It is a little bit messy, but If you look closely, you may notice that there is no long running loop here. There are 3 blocks: B1, B2 and B3 and the execution steps can be B1 -> B2 -> B3
or B1 -> B3
. Where Freq: 1
- normalized estimated frequency of a block execution.

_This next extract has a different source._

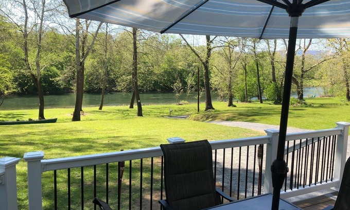 Welcome to Rock N’ Reel Riverfront Cabin! Nestled on the South Fork of the scenic Shenandoah River; This is a dream for both nature lovers and outdoors-men alike. Our cabin offers a private river lot with easy access to the river for our guests to enjoy small mouth bass fishing, swimming, tubing, or just relaxing around the fire pit, soaking in the beautiful panoramic view. Enjoy the 10' x 32' front deck over looking the Shenandoah River. The pictures doesn't do the view any justice.

有点乱,但是如果仔细观察,您可能会注意到这里没有长时间运行的循环。有 3 个块:B1、B2 和 B3,执行步骤可以是B1 -> B2 -> B3
或B1 -> B3
。其中Freq: 1
- 块执行的标准化估计频率。
回答by Peter Lawrey
You are measuring the time it take to detect the loop doesn't do anything, compile the code in a background thread and eliminate the code.
您正在测量检测循环不执行任何操作所需的时间,在后台线程中编译代码并消除代码。
for (int t = 0; t < 5; t++) {
long start = System.nanoTime();
for (int i = Integer.MIN_VALUE; i < Integer.MAX_VALUE; i++) {
}
long time = System.nanoTime() - start;
String s = String.format("%d: Took %.6f ms", t, time / 1e6);
Thread.sleep(50);
System.out.println(s);
Thread.sleep(50);
}
If you run this with -XX:+PrintCompilation
you can see the code has been compiled in the background to level 3 or C1 compiler and after a few loops to level 4 of C4.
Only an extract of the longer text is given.